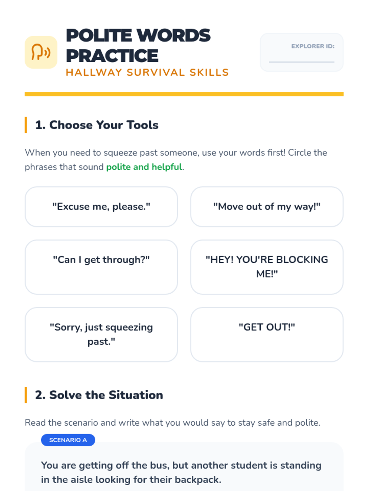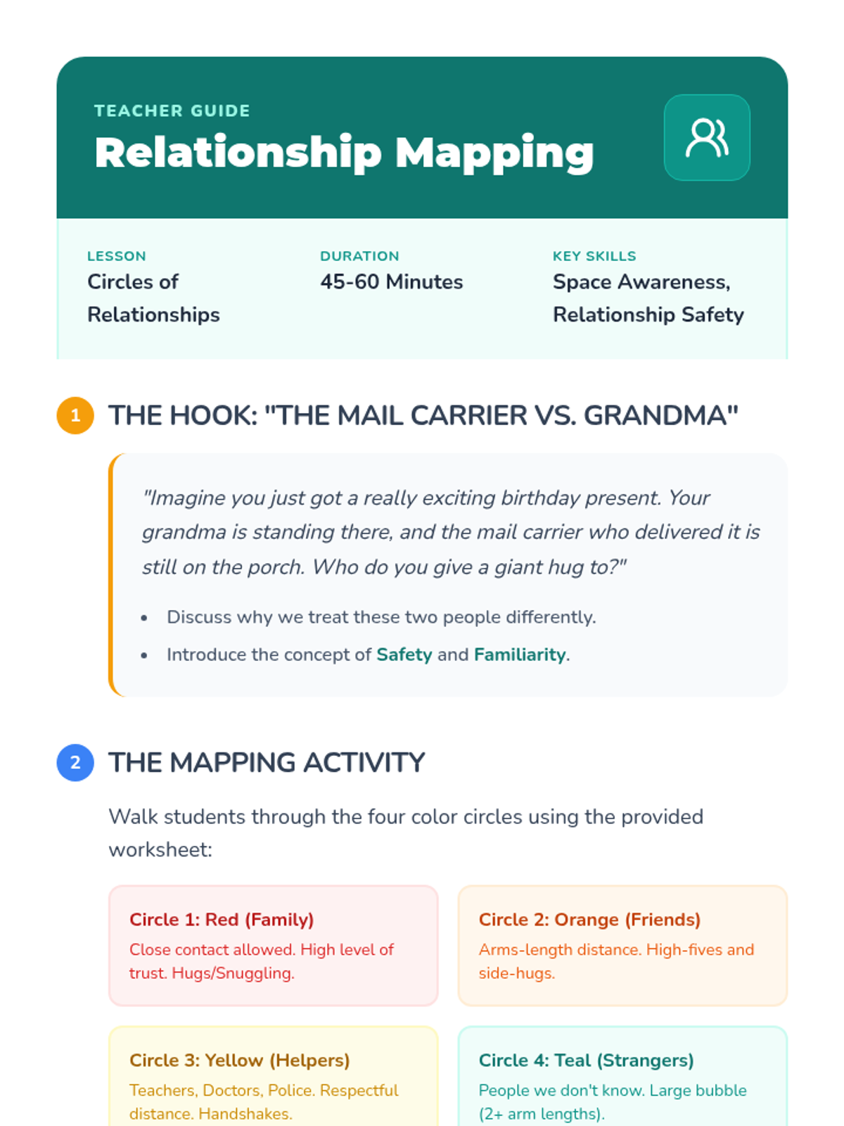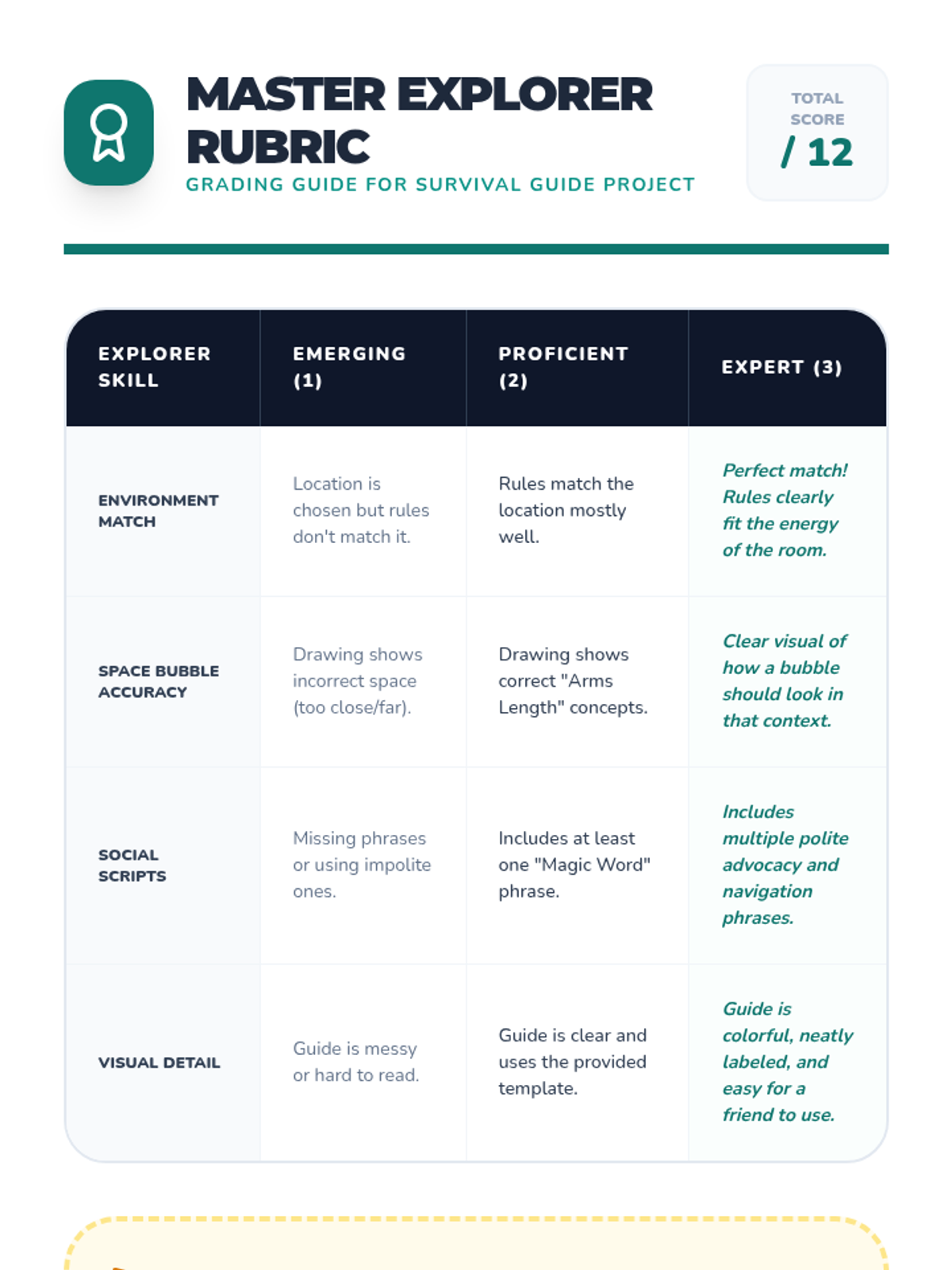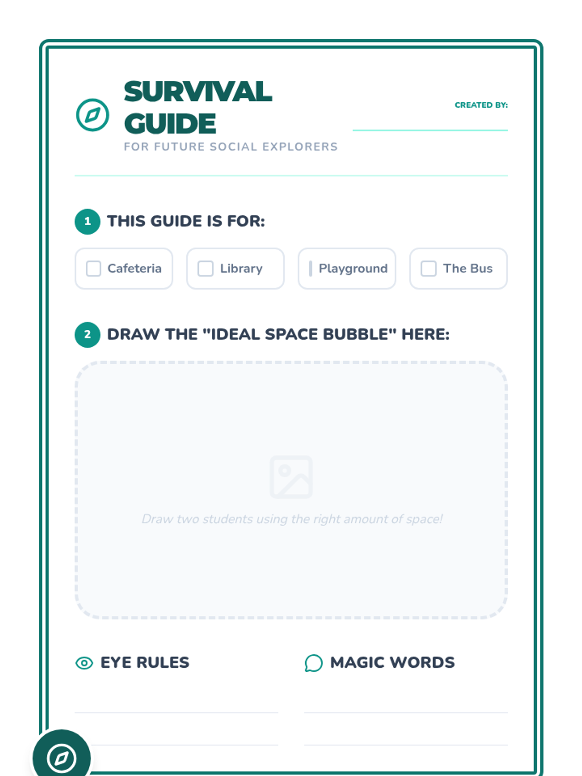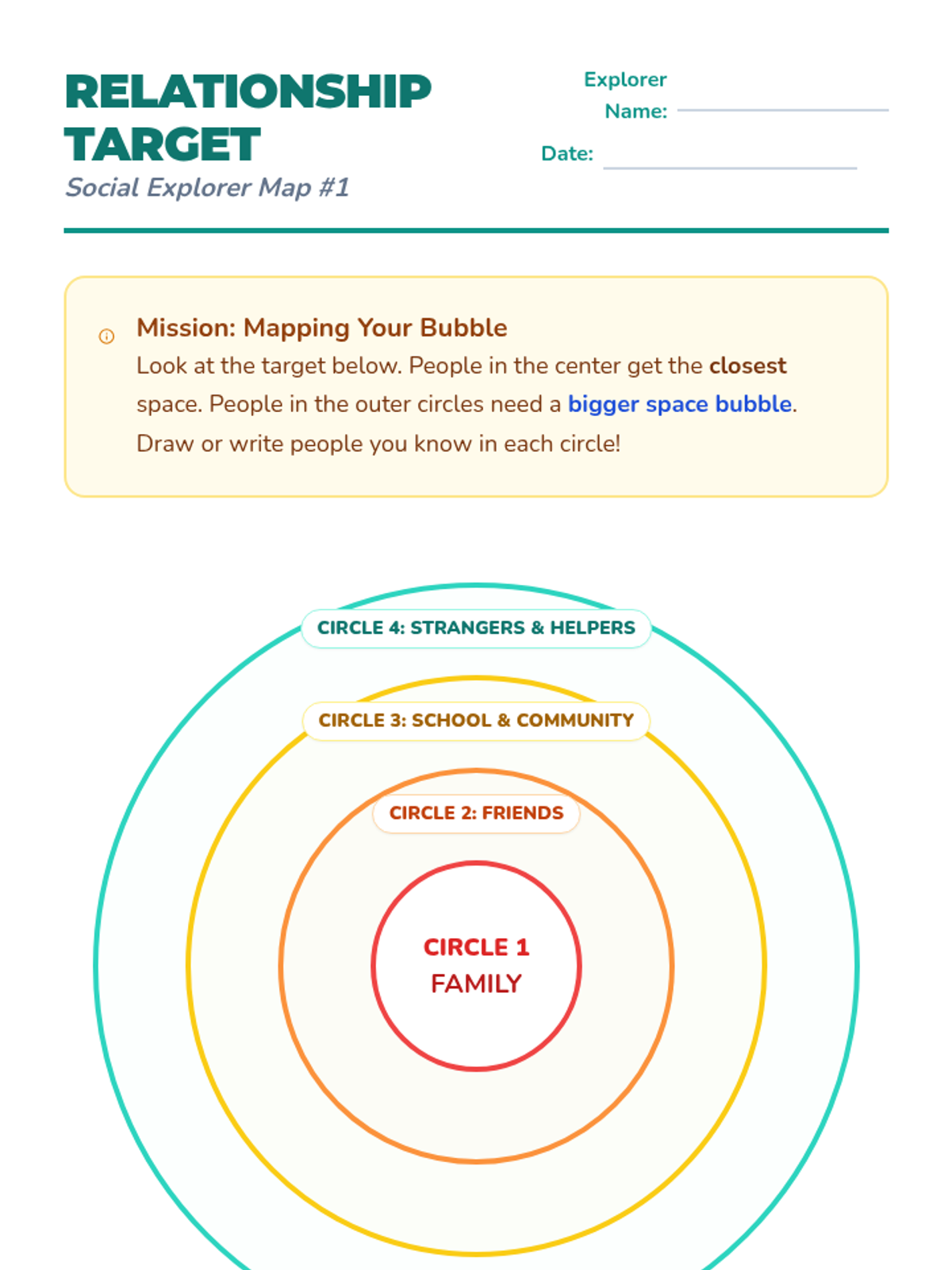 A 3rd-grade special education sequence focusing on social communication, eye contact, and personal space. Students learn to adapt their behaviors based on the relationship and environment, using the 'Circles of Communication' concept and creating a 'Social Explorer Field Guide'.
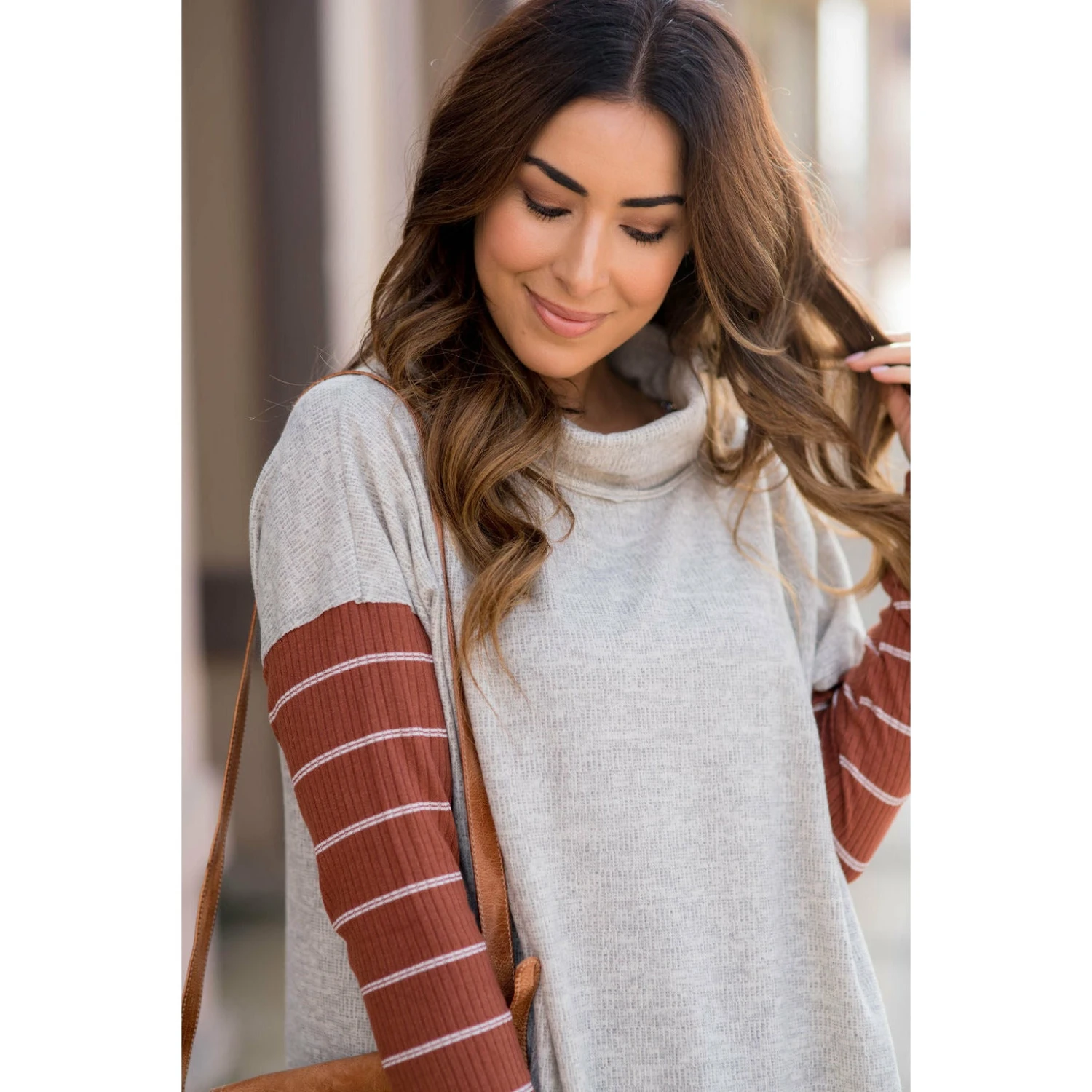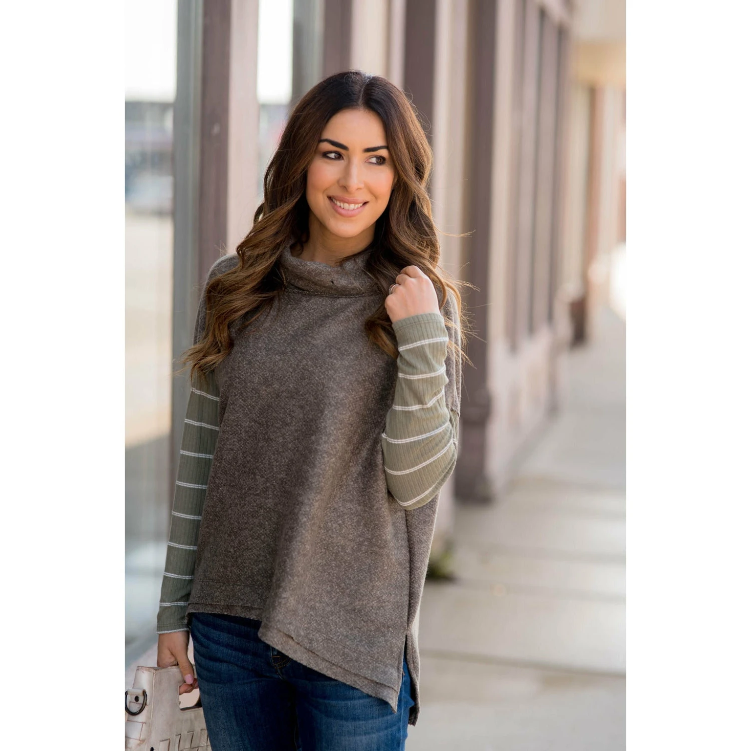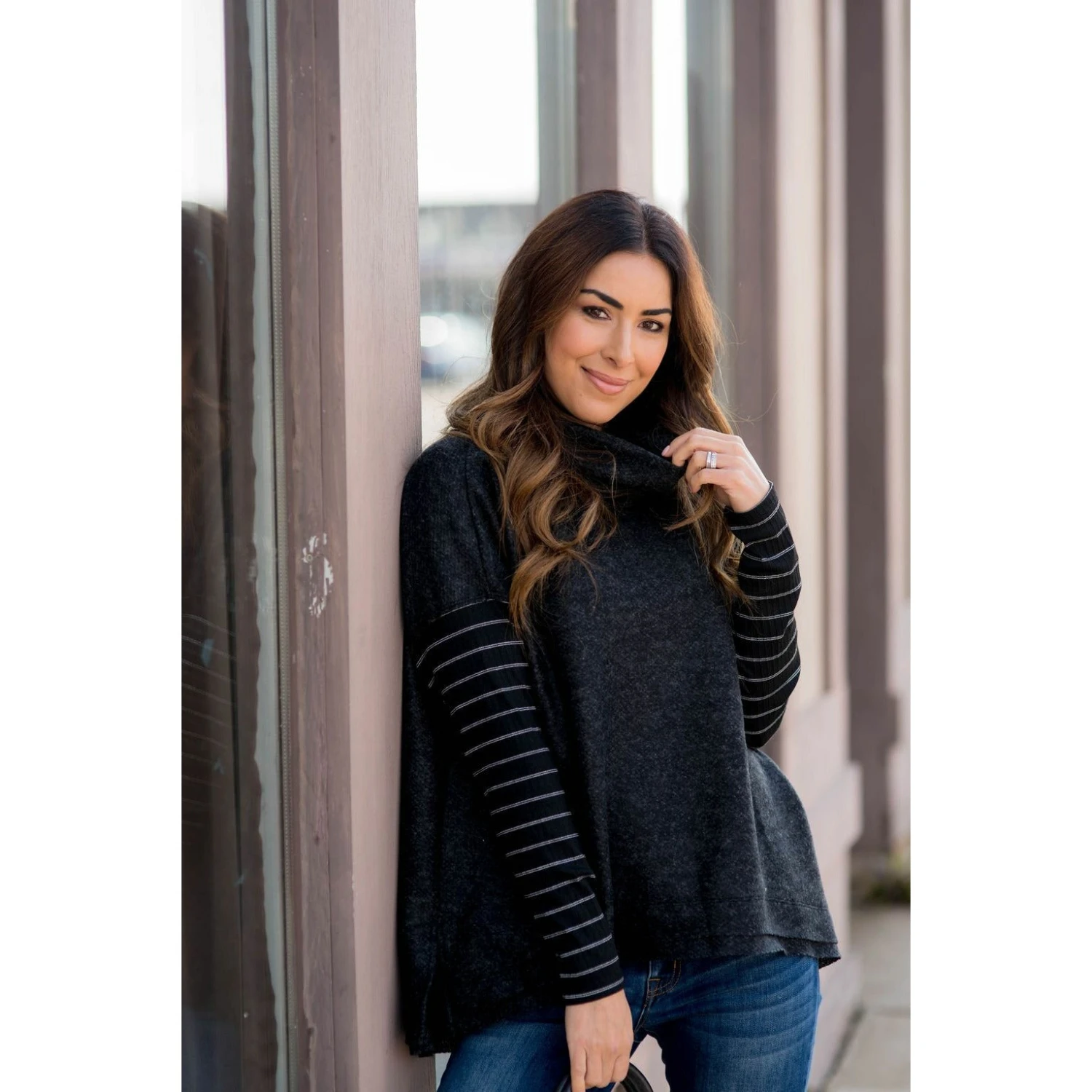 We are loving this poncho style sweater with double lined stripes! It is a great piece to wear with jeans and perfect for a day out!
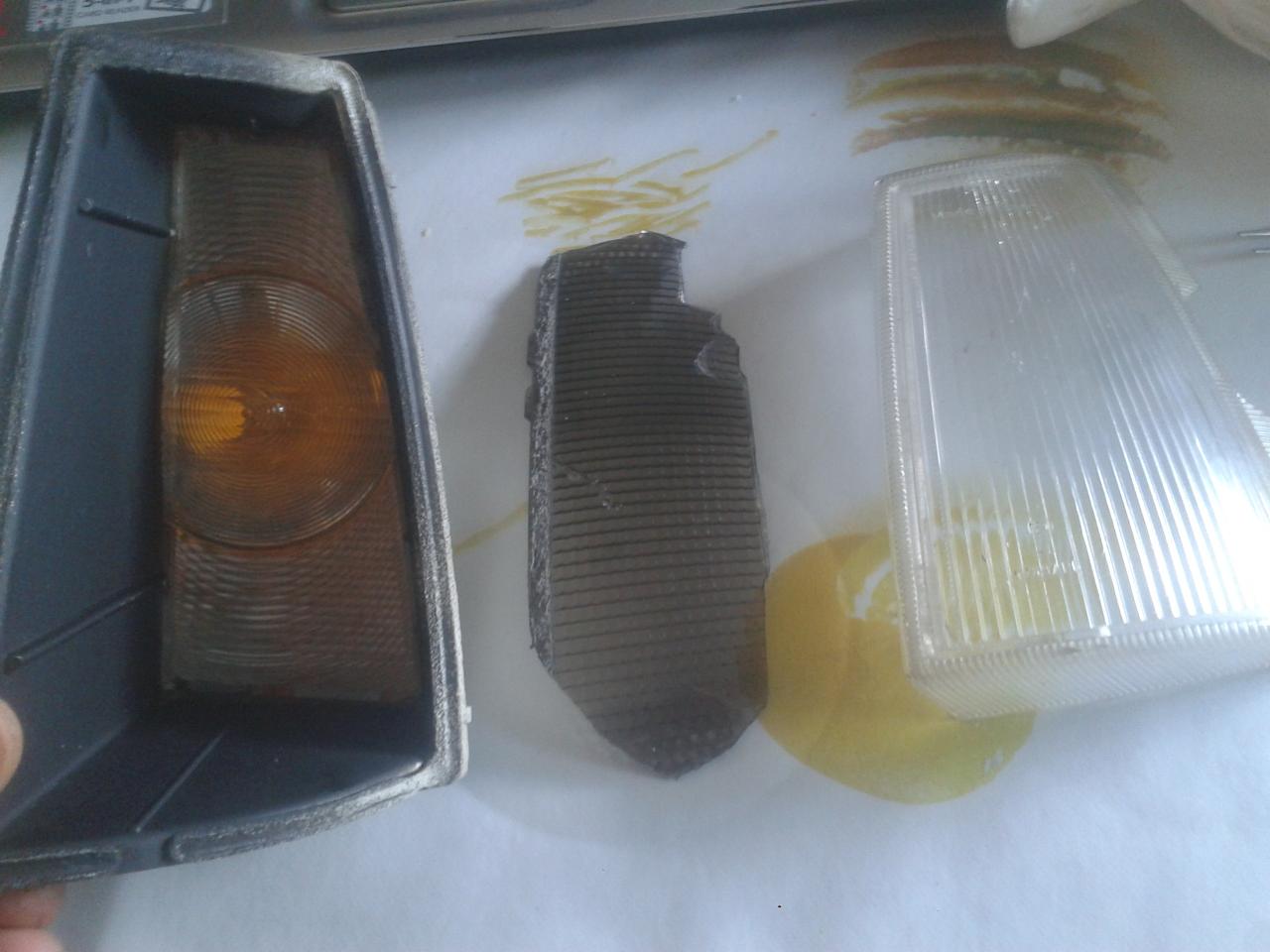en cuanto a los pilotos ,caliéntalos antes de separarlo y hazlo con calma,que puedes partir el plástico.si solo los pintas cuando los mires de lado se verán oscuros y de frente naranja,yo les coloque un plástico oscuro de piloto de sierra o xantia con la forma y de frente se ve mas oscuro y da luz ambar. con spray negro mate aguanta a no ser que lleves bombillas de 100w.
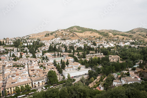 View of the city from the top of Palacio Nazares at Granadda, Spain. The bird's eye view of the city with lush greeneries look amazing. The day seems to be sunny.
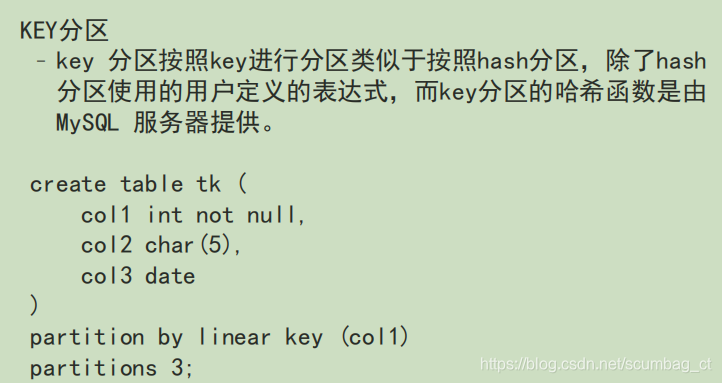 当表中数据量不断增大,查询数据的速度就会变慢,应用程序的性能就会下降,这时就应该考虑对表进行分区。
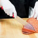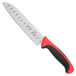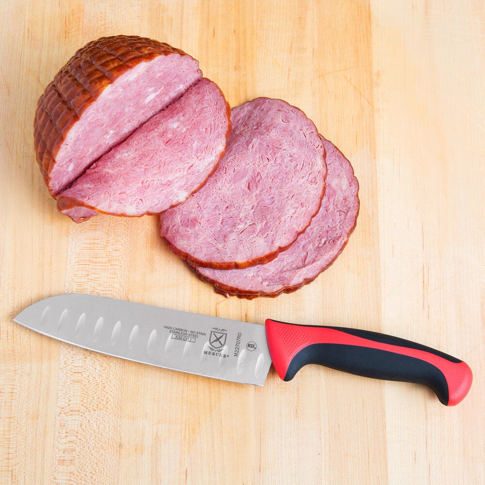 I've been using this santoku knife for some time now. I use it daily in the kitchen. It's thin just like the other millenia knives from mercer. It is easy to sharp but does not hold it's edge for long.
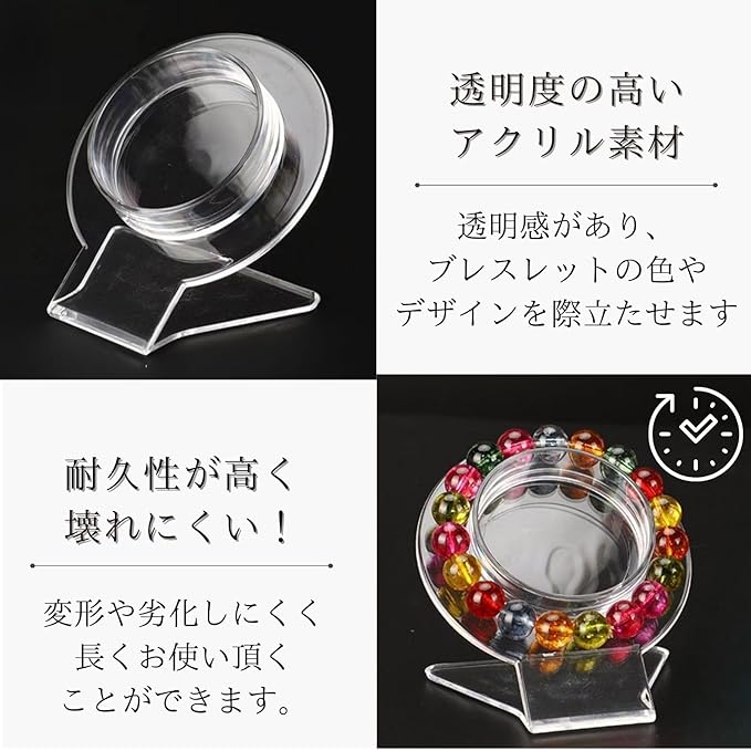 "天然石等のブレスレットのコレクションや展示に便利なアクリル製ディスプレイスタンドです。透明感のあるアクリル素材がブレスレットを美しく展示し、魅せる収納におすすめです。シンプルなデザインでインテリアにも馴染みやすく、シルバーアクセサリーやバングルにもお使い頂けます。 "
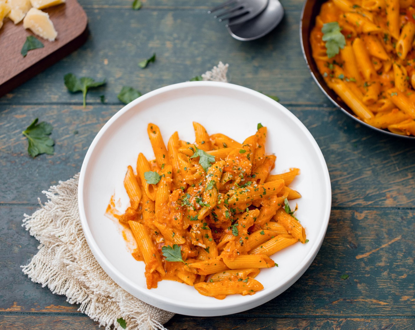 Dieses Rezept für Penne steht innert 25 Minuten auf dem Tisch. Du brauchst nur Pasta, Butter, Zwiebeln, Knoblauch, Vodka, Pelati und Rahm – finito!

☆ ☆ ☆

- Work to be completed
Reproduce the material in full, word for word, and omit the pictures.

- Result
 A 3rd-grade special education sequence focusing on social communication, eye contact, and personal space. Students learn to adapt their behaviors based on the relationship and environment, using the 'Circles of Communication' concept and creating a 'Social Explorer Field Guide'.
 We are loving this poncho style sweater with double lined stripes! It is a great piece to wear with jeans and perfect for a day out!
en cuanto a los pilotos ,caliéntalos antes de separarlo y hazlo con calma,que puedes partir el plástico.si solo los pintas cuando los mires de lado se verán oscuros y de frente naranja,yo les coloque un plástico oscuro de piloto de sierra o xantia con la forma y de frente se ve mas oscuro y da luz ambar. con spray negro mate aguanta a no ser que lleves bombillas de 100w.
 View of the city from the top of Palacio Nazares at Granadda, Spain. The bird's eye view of the city with lush greeneries look amazing. The day seems to be sunny.
 当表中数据量不断增大,查询数据的速度就会变慢,应用程序的性能就会下降,这时就应该考虑对表进行分区。
 I've been using this santoku knife for some time now. I use it daily in the kitchen. It's thin just like the other millenia knives from mercer. It is easy to sharp but does not hold it's edge for long.
 "天然石等のブレスレットのコレクションや展示に便利なアクリル製ディスプレイスタンドです。透明感のあるアクリル素材がブレスレットを美しく展示し、魅せる収納におすすめです。シンプルなデザインでインテリアにも馴染みやすく、シルバーアクセサリーやバングルにもお使い頂けます。 "
 Dieses Rezept für Penne steht innert 25 Minuten auf dem Tisch. Du brauchst nur Pasta, Butter, Zwiebeln, Knoblauch, Vodka, Pelati und Rahm – finito!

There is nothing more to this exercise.